His research interests include sedentism, food production (agriculture and pastoralism), and political developments in the ancient Near East. Lately he has focused his research on strategies of social integration in ancient polities. Abdi has directed archaeological projects at Malyan (ancient Anshan), Arjan, Sorkh Dom Lori, and Ziviyeh.

In the late 1990s, he led the Islamabad Archeological Research Project which discovered an ancient Neanderthal tooth which has been extensively studied, and as of 2019, it has confirmed the existence of Neanderthals in Iran roaming in the Zagros Mountains as far back as 40 to 70 thousand years ago.

He also formerly was a visiting professor at Department of Archaeology in Tarbiat Modarres University in Tehran. In 2017, he joined Shiraz University as a Full Professor.
At present, he teaches at the Shahid Beheshti University.

==Published work==
- Abdi, K. (2001) Nationalism, Politics, and the Development of Archaeology in Iran, American Journal of Archaeology 105/1: 51–76.
- Abdi, K. (2003) The Early Development of Pastoralism in the Central Zagros Mountains, Journal of World Prehistory, Vol. 17, No. 4: 395–448.
- Abdi, K. (2007) The Name Game: Persian Gulf, Archaeologists, and Politics of Arab-Iranian Relations. In Selective Remembrances: Archaeology in the Construction, Commemoration, and Consecration of National Pasts. Philip Kohl, Mara Kozelsky, and Nachman Ben-Yehuda, eds. pp. 206–243. Chicago: The University of Chicago Press.

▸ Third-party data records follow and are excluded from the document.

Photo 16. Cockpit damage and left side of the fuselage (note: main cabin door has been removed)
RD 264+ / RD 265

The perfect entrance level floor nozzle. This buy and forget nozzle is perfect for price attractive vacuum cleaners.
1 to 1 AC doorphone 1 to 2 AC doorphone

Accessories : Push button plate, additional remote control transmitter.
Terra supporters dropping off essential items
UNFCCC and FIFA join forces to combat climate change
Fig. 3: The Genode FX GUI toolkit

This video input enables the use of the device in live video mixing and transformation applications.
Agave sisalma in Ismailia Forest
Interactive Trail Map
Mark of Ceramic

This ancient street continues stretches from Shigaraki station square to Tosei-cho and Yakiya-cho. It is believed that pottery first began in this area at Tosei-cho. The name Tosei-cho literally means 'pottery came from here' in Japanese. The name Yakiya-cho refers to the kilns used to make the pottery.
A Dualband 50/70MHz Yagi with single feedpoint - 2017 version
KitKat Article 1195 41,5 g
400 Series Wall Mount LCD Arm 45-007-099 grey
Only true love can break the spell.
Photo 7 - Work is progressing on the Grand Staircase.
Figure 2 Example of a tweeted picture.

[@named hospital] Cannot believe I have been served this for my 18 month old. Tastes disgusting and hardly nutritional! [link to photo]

- Abdi, K. (2008) From Pan-Arabism to Saddam Husayn's Cult of Personality: Ancient Mesopotamia and Iraqi Nationalism. Journal of Social Archaeology 8/1: 3–34.

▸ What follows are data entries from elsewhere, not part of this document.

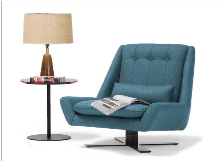
Palms II Chair

Designed beautifully and built strong for both residential and contract.
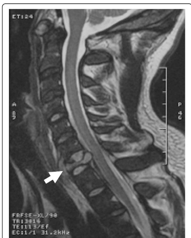
Figure 1 Pre-operative imaging with MRI demonstrating destruction and collapse of the C7 body (A). Compression of the spinal cord in the epidural space is shown with distortion of the cord at this level.

Post-operatively, early mobilization while wearing a cervical collar was encouraged. Collar immobilization was continued in the weeks following surgery as he underwent chemotherapy. He had a near-complete return of strength in his extremities without residual post-operative sensory deficits. Post-operative imaging revealed proper alignment and stability of cage placement with excellent restoration of the spinal canal patency and subarachnoid space (Figure 2). Following a short period of post-operative recovery, the patient was started on an initial cycle of a CHOP chemotherapy regimen (Per cycle, Day 1: cyclophosphamide 750 mg/m 2 IV, doxorubicin 50 mg/m 2 IV, vincristine 1.4 mg/m 2 IV; Day 1-5: prednisone 100 mg po) to treat his adjacent
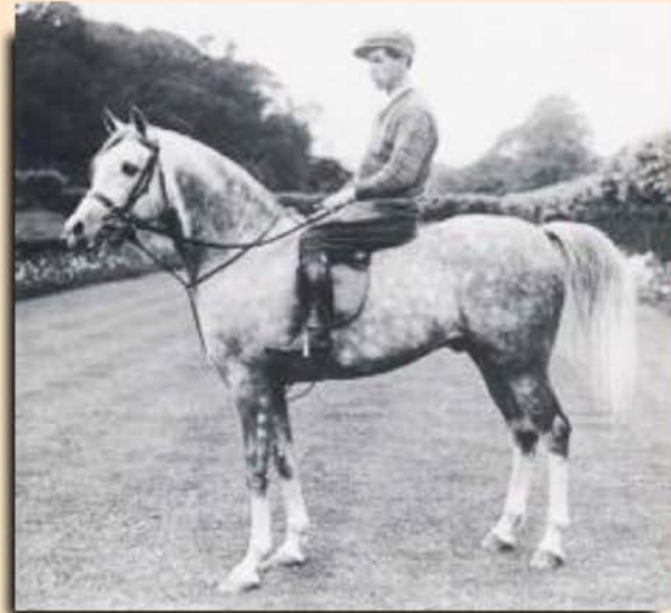
Naseem was a keystone sire of Tersk Stud
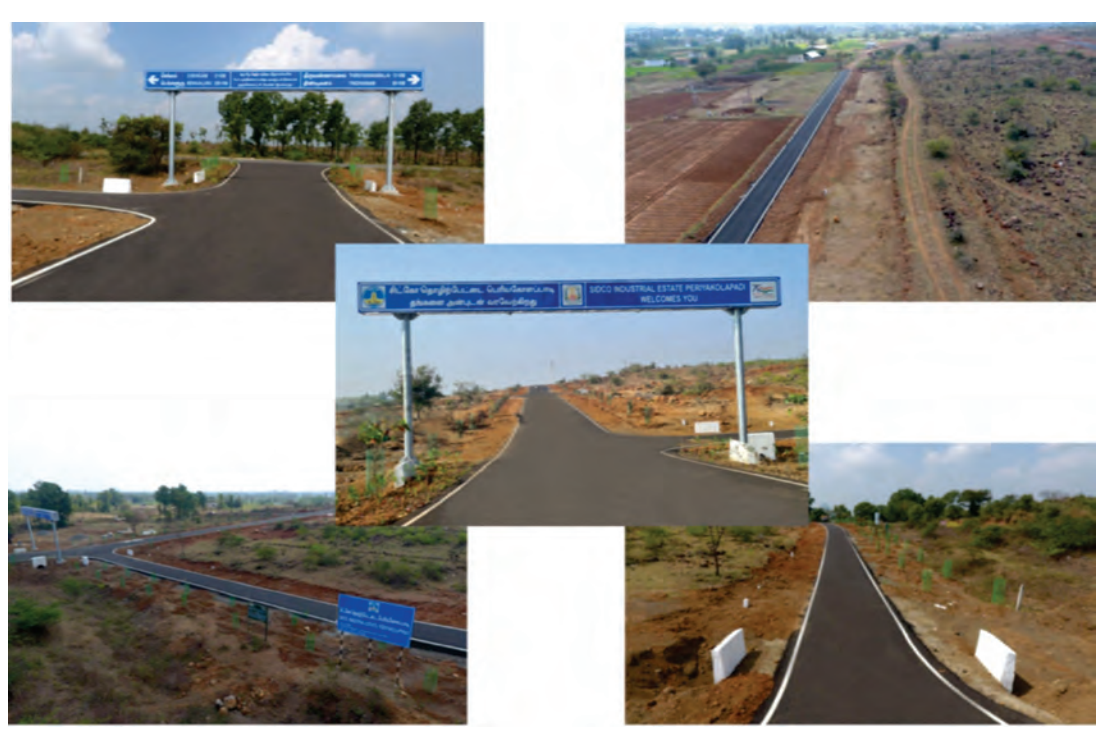
Formation of New Industrial Estate at Periakolapadi, Thiruvannamalai District
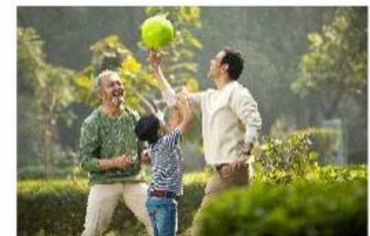
FREE OPEN SPACES TO PLAY SAFE
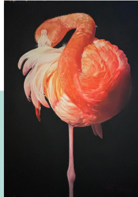
"En Pointe" 12"x9"
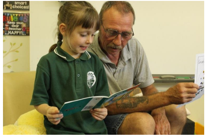
Gallery – Grandparents Day
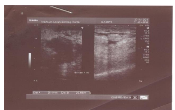
Image-3: Breast ultrasound image of 56 years old female showed irregular shape, hypoechoic mass with ill-defined margins and oedema located in the right LOQ at 7:00 o'clock measured 2.6x2cm, the diagnosis was ductal adenocarcinoma
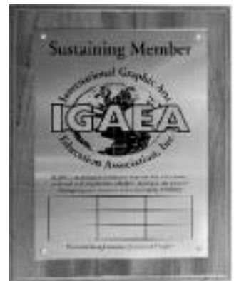
IGAEA's new plaque for Sustaining Members.

IGAEA board members will be searching out current and new Sustaining Members at Graph-Expo in Philadelphia and at SGIA in Dallas. Interested potential Sustaining Members are encouraged to contact one of the board members listed in this newsletter for further information, including a Sustaining Member brochure.
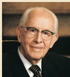
Ezra Taft Benson 1985–94
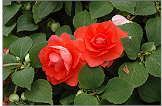
Fiesta Ole Salmon Double Impatiens flowers
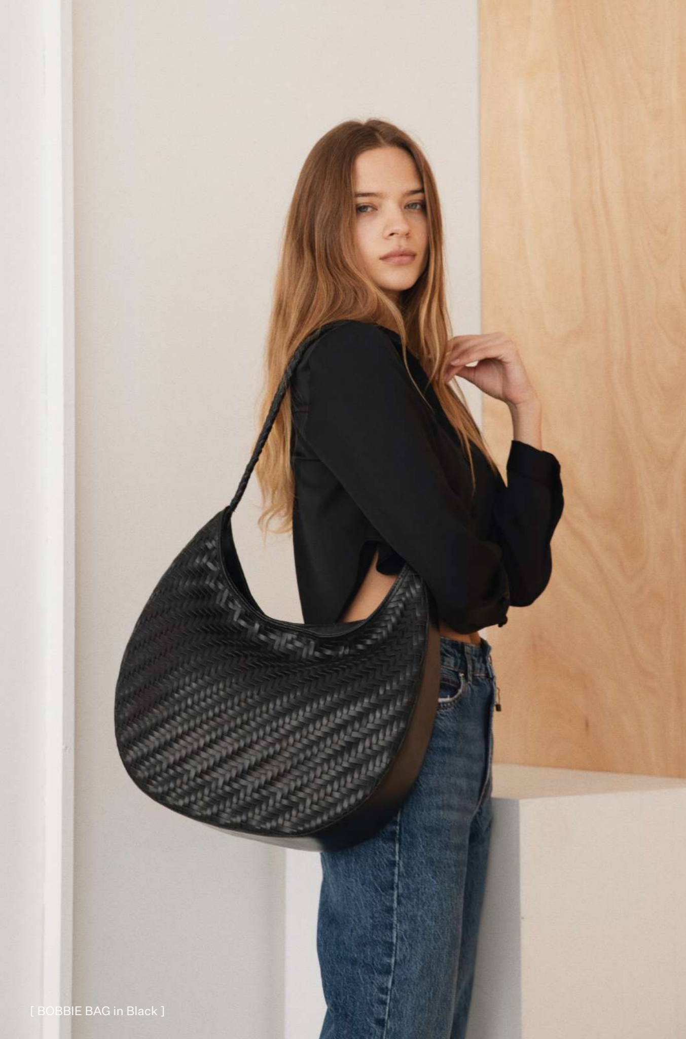
[ BOBBIE BAG in Black ]
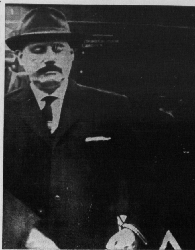
SALAN IN HANDCUFFS
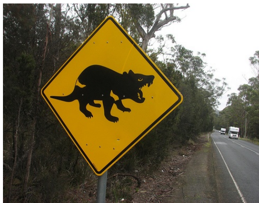
Figure 9: Tasmanian devil road warning sign
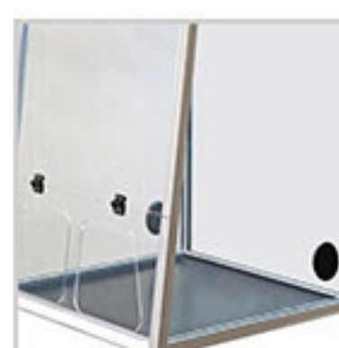
Three Side Glass Windows Back&Side glass windows maximize light and visibility, providing a bright and open working environment
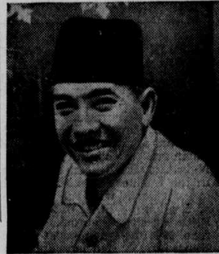
INDONESIAN PRESIDENT . . . Although Dr. I. R. Soekarno served under the Japanese occupation, he has managed to retain his authority over the 80,000,000 Indonesians. He is nationalist leader as well as president.

- Abdi, K. (2012) The Iranian Plateau from Paleolithic Period to the Rise of the Achaemenid Empire. In Oxford Handbook on Iranian History. Edited by Touraj Daryaee. pp. 13–36. Oxford: Oxford University Press.
- Abdi, K. (2013) Theory and Method in Archaeology: How Can We Integrate the Two to Arrive at a Better 	Understanding of the Past and Apply Archaeology to Present and Future Problems More Efficiently. Payām-e Bāstānshenās 17: 17–30.

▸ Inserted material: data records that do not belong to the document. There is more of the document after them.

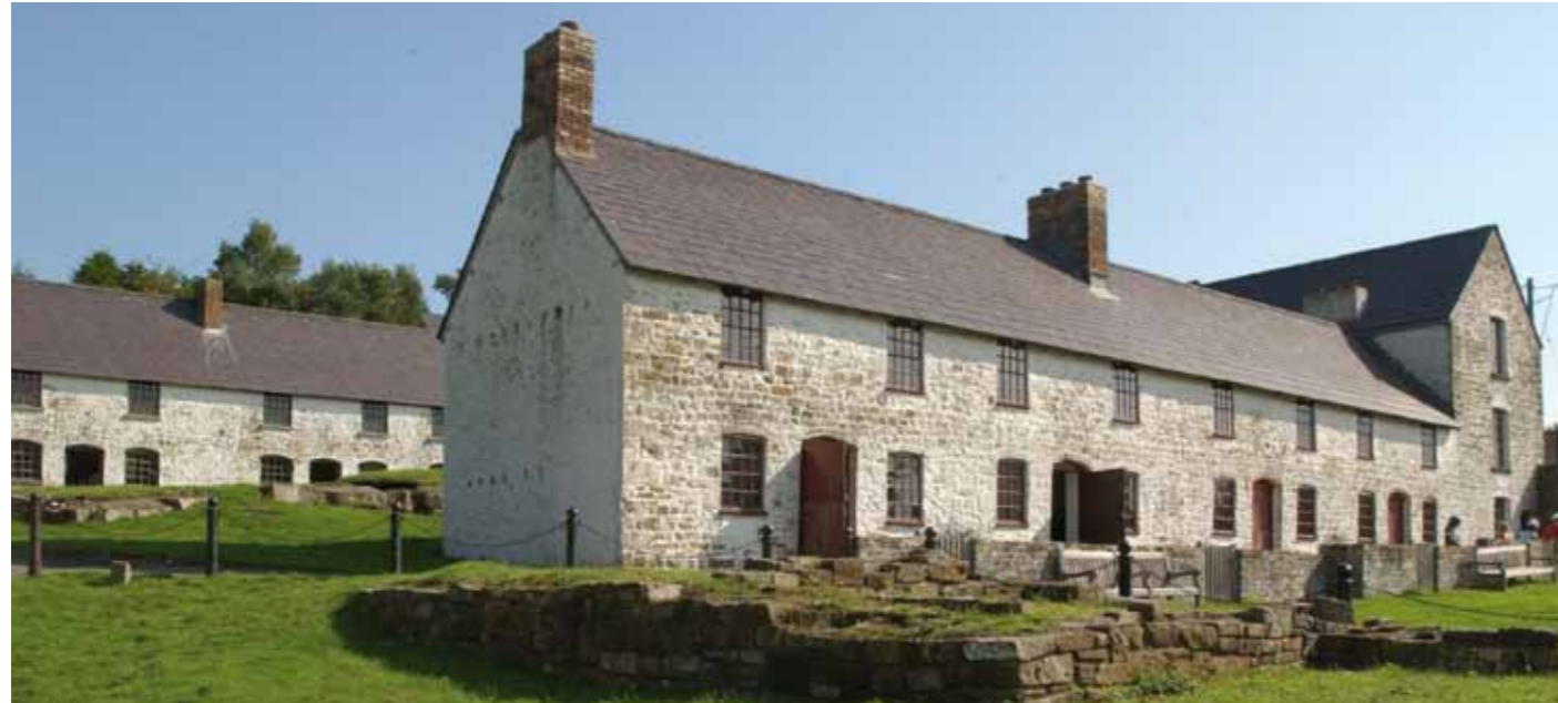
Stack Square, Blaenavon Ironworks, where the families will live

One of the most ambitious reality TV challenges to date is going to be made in Blaenavon and broadcast on BBC1 Wales this autumn.
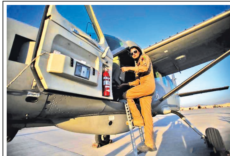
Niloofar Rahmani gets on a military plane at a military airport in Kabul, Afghanistan on 12 April, 2015. Born in 1992, Rahmani is the first Afghan female fixed-wing Air Force aviator.

“The airport is working with our IT service providers to review website security protocols.”—Xinhua
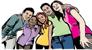
Young People's Ministry

Lent is fast-approaching, and we will soon begin the 40 days of preparation and reflection prior to Good Friday and Easter. Oddly enough, both Ash Wednesday and Lent have always been some of my favorite parts of the Christian calendar, which is certainly a bit counter-intuitive since they tend to be solemn and introspective. However, it's so important to the Christian life to take time to reflect on our lives and the places where we need to repent (literally meaning turn around) and find our way back to God. When we do that, God is always there waiting for us with open arms. To mark the season this year, youth and young adults will each have their own separate studies.
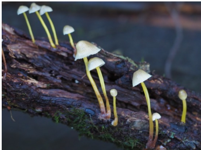
Yellowleg Bonnet Mycena epipterygia  taken at Wirrawilla Rainforest Walk, Toolangi

Reduce your home energy consumption by up to 15% by real-time monitoring via your phone using a free Powerpal device, and get the best deal on what energy you use by comparing various providers of electricity and gas. Some consumers, including pensioners, are eligible for a Power Saving Bonus of $250.
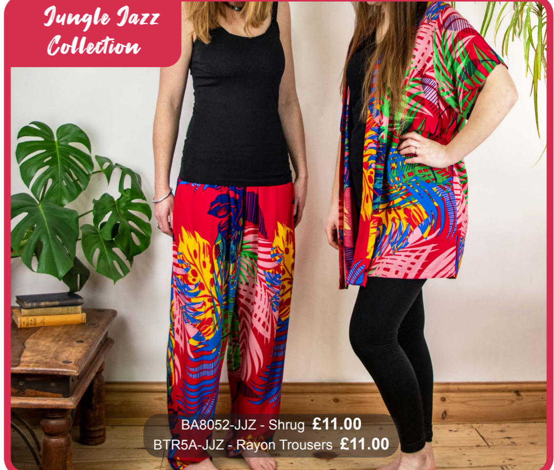
BA8052-JJZ - Shrug £11.00 BTR5A-JJZ - Rayon Trousers £11.00
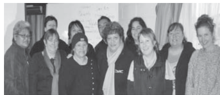
Attendees of an all day Tiaki Tinana workshop held in Kaitiaki. This workshop was well attended by members of social service and community organisations from all over the far north region. Discussion and feedback highlighted the great need for information and support around sexual violence prevention for Maori in rural areas. July 2009.
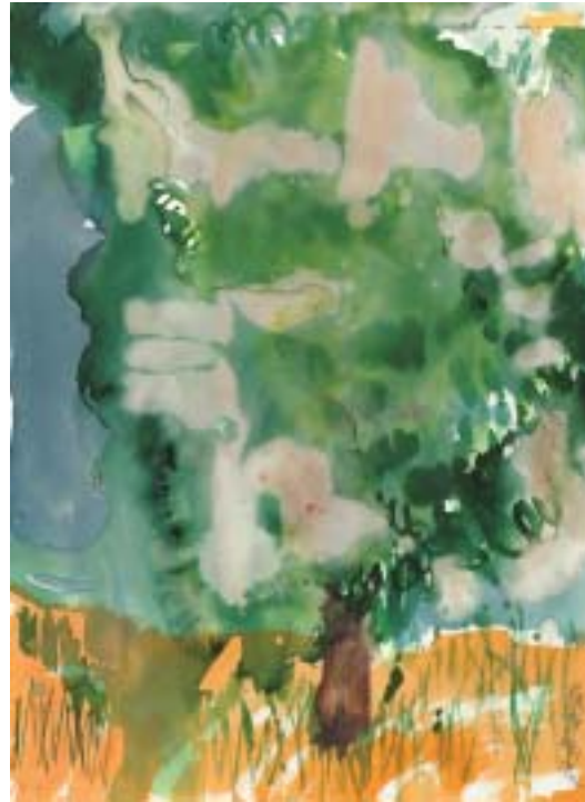
Romare Bearden (1911-1988) SUNSET TREE- NEAR GRAND CASE 1988 Watercolor on Paper 27 1/2 x 20 1/4 inches

- Abdi, K. (2014) The Pre-Imperial Persians at the Land of Anshan: Some Preliminary Observations. In Excavating an Empire: Achaemenid Persia in Longue Durée, edited by T. Daryaee, A. Mousavi and Kh. Rezakhani. pp. 73–87. Costa Mesa CA: Mazda Publishers.
- Naomi F. Miller and Kamyar Abdi (eds.) (2003) Yeki Bud, Yeki Nabud: Essays on Iranian Archaeology in Honor of William M. Sumner. Philadelphia and Los Angeles: Costen Institute of Archaeology of the UCLA and American Institute of Iranian Studies.
- Susan Pollock, Reinhard Bernbeck and Kamyar Abdi (eds.) (2010) Toll-e Bashi: A Neolithic Village in Kur River Basin, Iran. Berlin: Deutsches Archäologisches Institut-Eurasien Abteilung.